Still, the Territorial Force grew. Its foundations were well and truly laid on that old inexpugnable spirit which, as we saw above, was already alive in Chaucer’s England, and which, when the new summons came, flared up through disappointment to success. The six and a half years’ record of the West Riding Territorial Force Association, from its inaugural meeting on January 17th, 1908, till the outbreak of war in 1914 is typical of the experience of other counties, alike in the obstacles which were encountered and in the resolution which partially overcame them. It derives special interest from the fact that the population of the West Riding is much more than twice as large as that of any county outside London, except only Lancashire; but the chief interest of the record lies in the after-history of the Association. The achievement of its units in the field is a final, triumphant vindication of the confidence of those who helped to raise them, a complete reward for the courage they displayed, and a proof, if proof were wanted, that the nation’s need is the measure of the nation’s power. Hence, if we dwell more particularly on some of the difficulties which confronted that Association during the epoch of preparation, the true merits of the Territorial Army scheme, when tried by the supreme test of action, will be more abundantly manifest.

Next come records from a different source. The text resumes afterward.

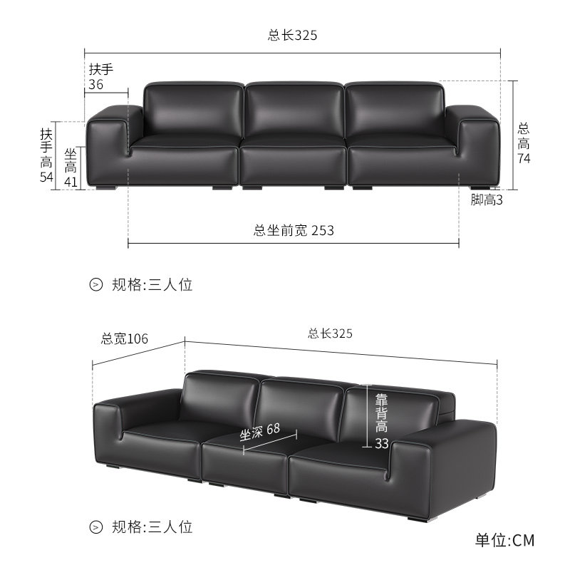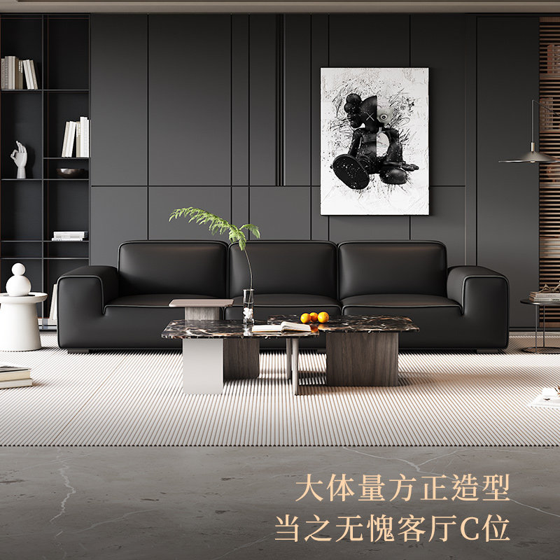 Gu Home Fancy Minimalist high-end full real leather sofa Large Black Bull Head Layer Cow Leather Light Luxury Sofa 1192-Taobao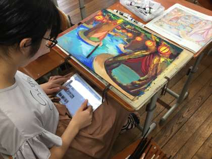 教員のiPadを相互に接続し、一方のiPadでは作品を映して解説、もう一方はその映像と解説の声を受けます。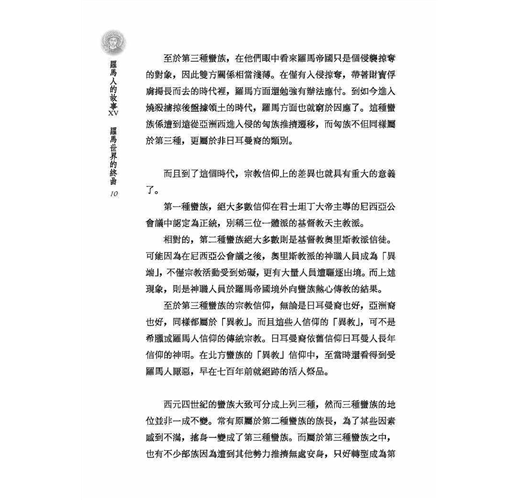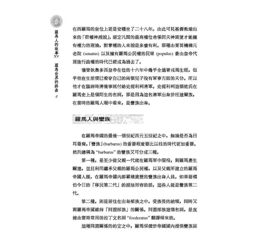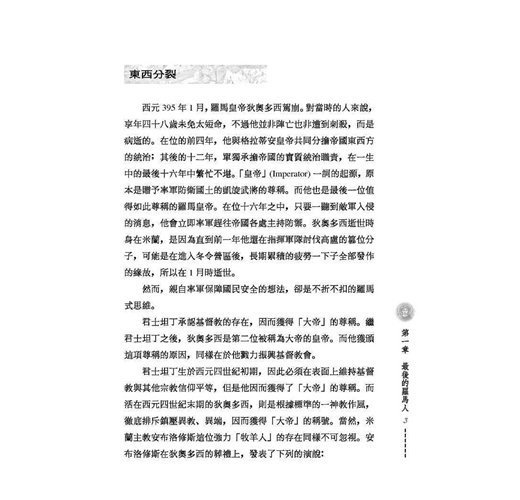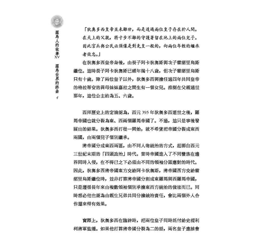 羅馬帝國的尾聲,從帝國真正的分裂開始。兄弟之邦無法發揮手足之情,互相牽絆、角力,算計著自身難保的困境,東西兩帝國走上不同的道路。在西方,蠻族鳩佔鵲巢,他們的精神與文化,比羅馬人更像羅馬人,「最後的羅馬人」不是別人,是蠻族!在東方,沾染東方專制宮廷的氣息,宦官、皇后才是國家的主人,暮氣沉沉。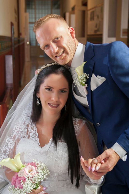 A különleges pár esküvői fotóira nemrég figyeltem fel a közösségi oldalon. Csak úgy sugárzik róluk a boldogság, az őszinte szerelem. És Lilla a kerekesszékében is gyönyörű menyasszony. „Nem mindig voltam kerekesszékes. Időre felálltam, és elkezdtem járni, mint a többi gyermek – meséli az ózdi Tóthné Kovács Lilla (32). – Anyukám kétéves koromban vette észre, hogy a lépcsőzés nem megy úgy, mint a többi gyereknek, és játék közben is többször elestem. A vizsgálatok során kiderült, hogy egy genetikai betegségem van, az SMA III. típusa, ami gerincvelői izomsorvadást jelent. Közben értelmi fejlődésemet is felmérték, ami viszont átlagon felüli volt: 140-es intelligenciaszintet állapítottak meg. Három-négy évesen már írtam-olvastam. Az általános iskola első osztályába még bejártam, bár már akkor is nehézkes volt például kimenni a mosdóba. Emlékszem, napról napra egyre nagyobbnak tűnt a távolság a terem és a mellékhelyiség között. Kilencévesen már csak pár pillanatra bírtam megállni, aztán már csak ülni tudtam. A kerekesszékemet viszont nem szerettem, inkább egy helyben ültem egész nap, de nem használtam. Szóval nem kerekesszékbe kerültem, hanem járásképtelenné váltam. Magántanulóként folytattam az iskolát, csak vizsgázni mentem be tanév végén.”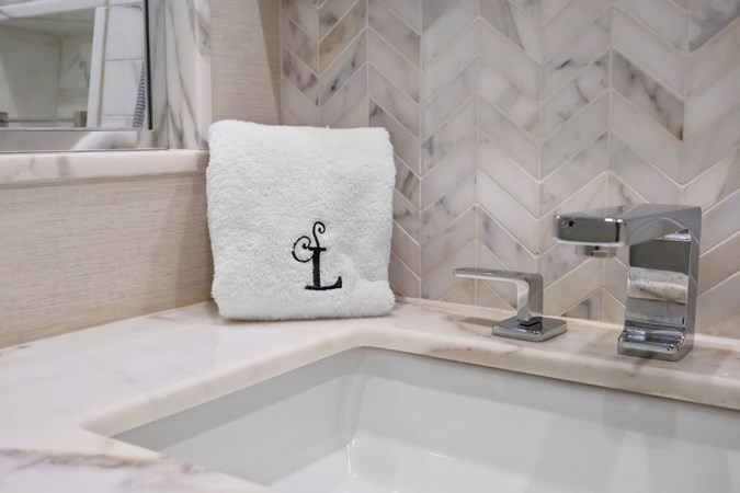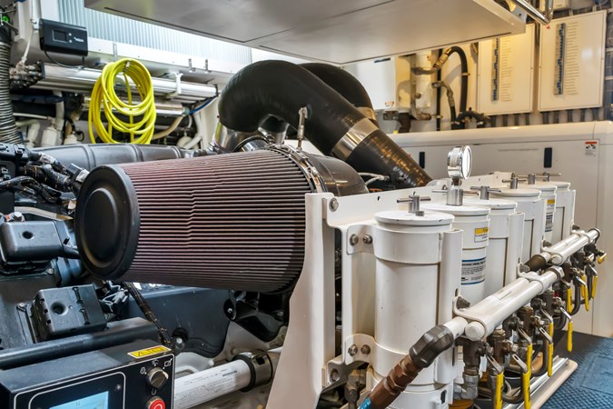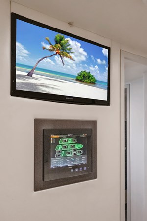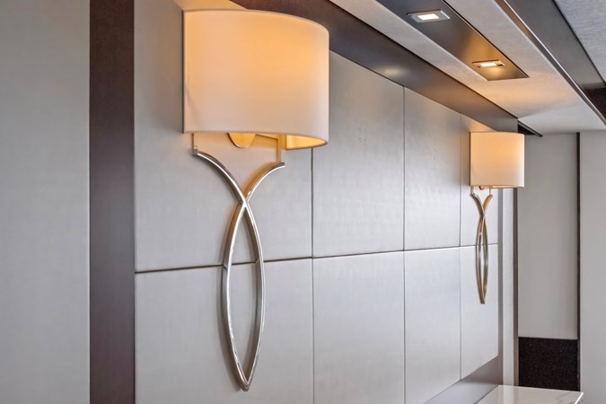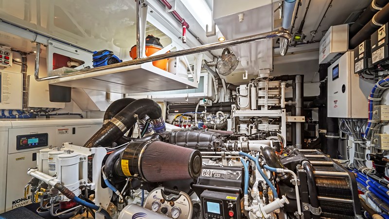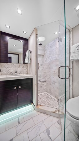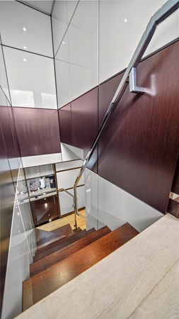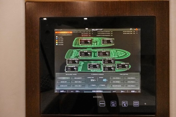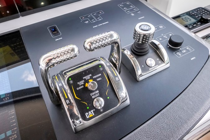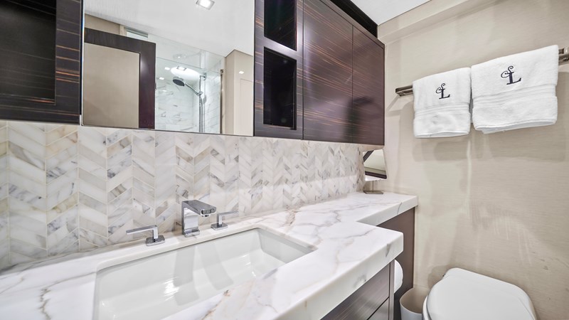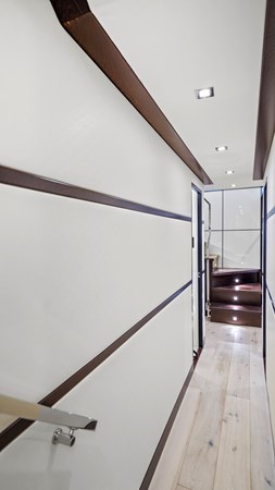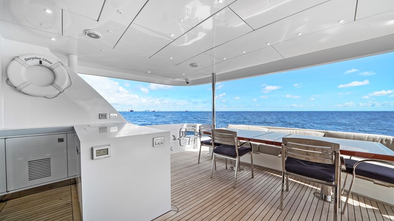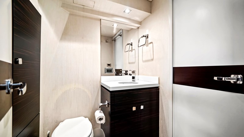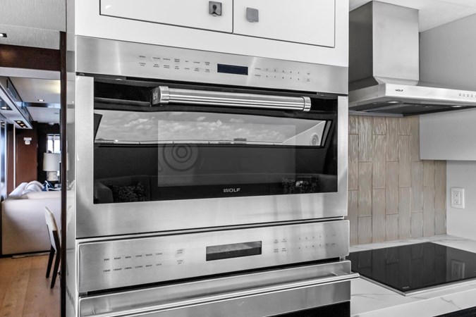 The port side salon opens to a custom balcony with triple sliding glass doors, creating a seamless connection between indoor and outdoor spaces. Other standout features include dual water makers, zero speed fin stabilization, and hydraulic bow and stern thrusters. iPad controls manage lighting, entertainment, and electric blinds, enhancing comfort and convenience.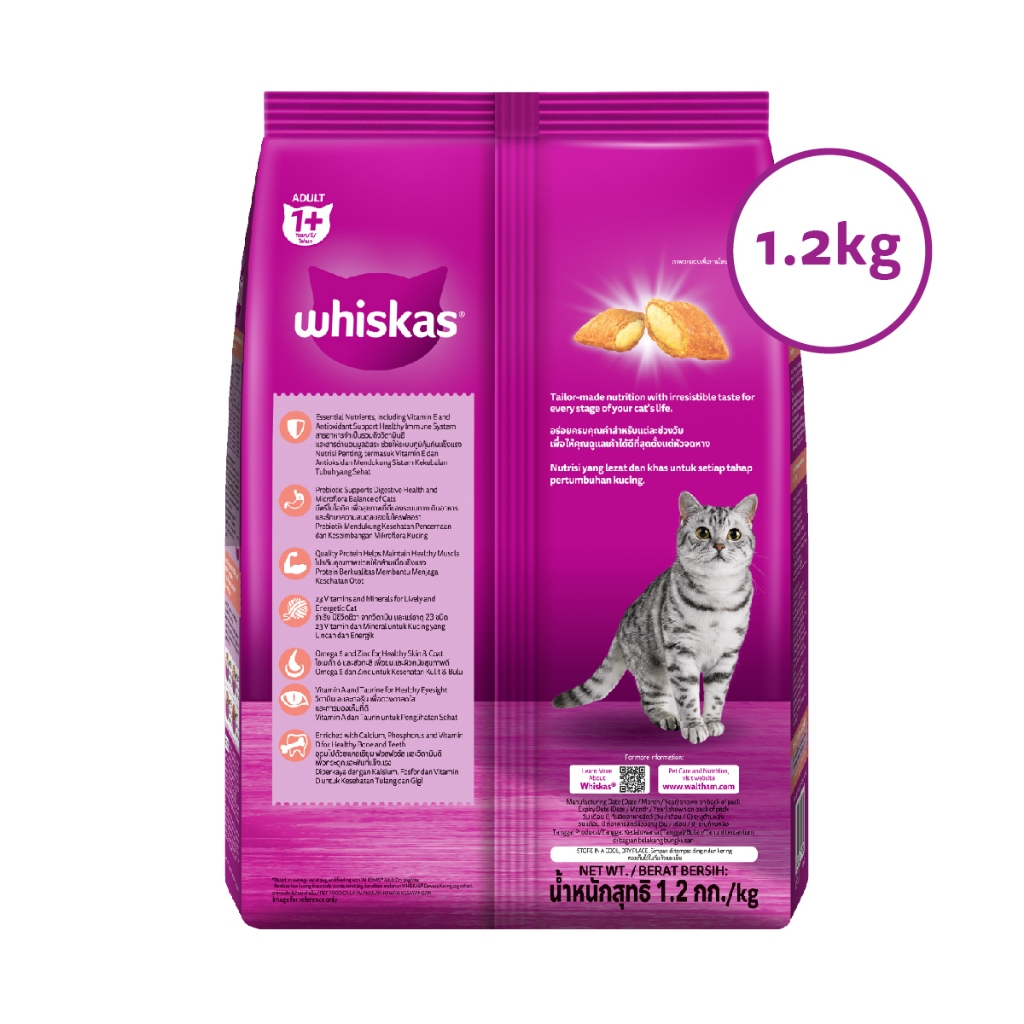 WHISKAS Makanan Kering untuk Kucing Dewasa Pilih Rasa 1.2kg 2 Pack FREE Temptations 30gr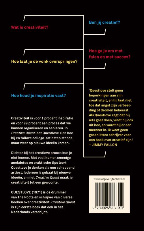 In 'Creative Quest' laat Questlove zien hoe hij en talloze collega-artiesten, waaronder Björk, Elvis Costello, Pharrel Williams en Malcolm Gladwell, steeds maar weer op nieuwe ideeën komen. Dichter bij het creatieve proces kun je niet komen. Met veel humor, smeuïge anekdotes en praktische tips leert Questlove je denken als een scheppend artiest.

First, as to personnel, H.M. Lieutenant for the Riding since 1904 had been Colonel the Earl of Harewood, A.D.C., of the Yorkshire Hussars, and formerly of the Grenadier Guards, who, accordingly, became first president of the Association. With him were united as chairman and vice-chairman, respectively, Colonel the Earl of Scarbrough, A.D.C., commanding the Yorkshire Mounted Brigade, and formerly of the 7th Hussars, and Sir William Clegg, J.P., sometime Lord Mayor of Sheffield. These formed a powerful triumvirate, and ‘had done their best,’ as Lord Harewood remarked on January 17th, 1908, ‘to set matters on a preliminary footing.’ The president and chairman were still in office in 1920, but in February, 1917, Lord Scarbrough had received the appointment of Director-General of the Territorial and Volunteer Forces at the War Office, with the temporary rank of Major-General, and was thereafter compelled to interrupt his closer supervision at the Association. ‘Our loss,’ the president said at the next quarterly meeting, ‘is a great gain to the country,’ and the compliment paid to Lord Scarbrough by this appointment was appreciated by the Association as a whole. Sir William Clegg continued in office till the end of 1915, when, to his colleagues’ great regret, his election as chairman of the Appeal Committee under Lord Derby’s scheme and the pressure of other duties caused his necessary resignation. He was succeeded as vice-chairman of the Association by Brig.-General (Sir) R. C. A. B. Bewicke-Copley, (K.B.E.), C.B., in April, 1916.
It will be no derogation from the importance of the military members of the Association appointed by the Army Council, of the representative members similarly appointed on the recommendation of the West Riding County Council, the County boroughs of Bradford, Halifax, Huddersfield, Leeds, Rotherham, Sheffield and York, and the Universities of Leeds and Sheffield, and of the members co-opted by the Association to complete its statutory establishment,[3] if we turn next to the person of the secretary. The right choice of a candidate for this post was properly regarded as an essential condition of success, and at the inaugural meeting of the Association (January 17th, 1908), no other name was proposed but that of Brig.-General Horatio Mends, C.B., formerly of the 60th Rifles, at that time Brigadier General-in-charge of Administration, Northern Command. To the immense benefit of the Association, General Mends’ term of office as secretary, except for a short interruption due to ill-health in 1909, continued right through the twelve years under review, and, alike in peace and in war, he has amply and fully sustained the confident belief expressed at the time of his appointment, that ‘he combined every requisite which Mr. Haldane had laid down as essential for the secretary of an Association.’ His assistants came and went according to the claims of other duties. They have included Captain J. U. M. Ingilby, Captain M. L. Porter, Major A. B. Boyd-Carpenter (later, Deputy Assistant-Director under Lord Scarbrough at the War Office, and, since December, 1918, M.P. for East Bradford), Major H. C. E. Smithett and Captain W. Mildren, M.B.E., of the T.F. Reserve, formerly Staff Q.M.S. in the Army Pay Corps, York, who was appointed superintending clerk at the beginning, and who has rendered admirable service.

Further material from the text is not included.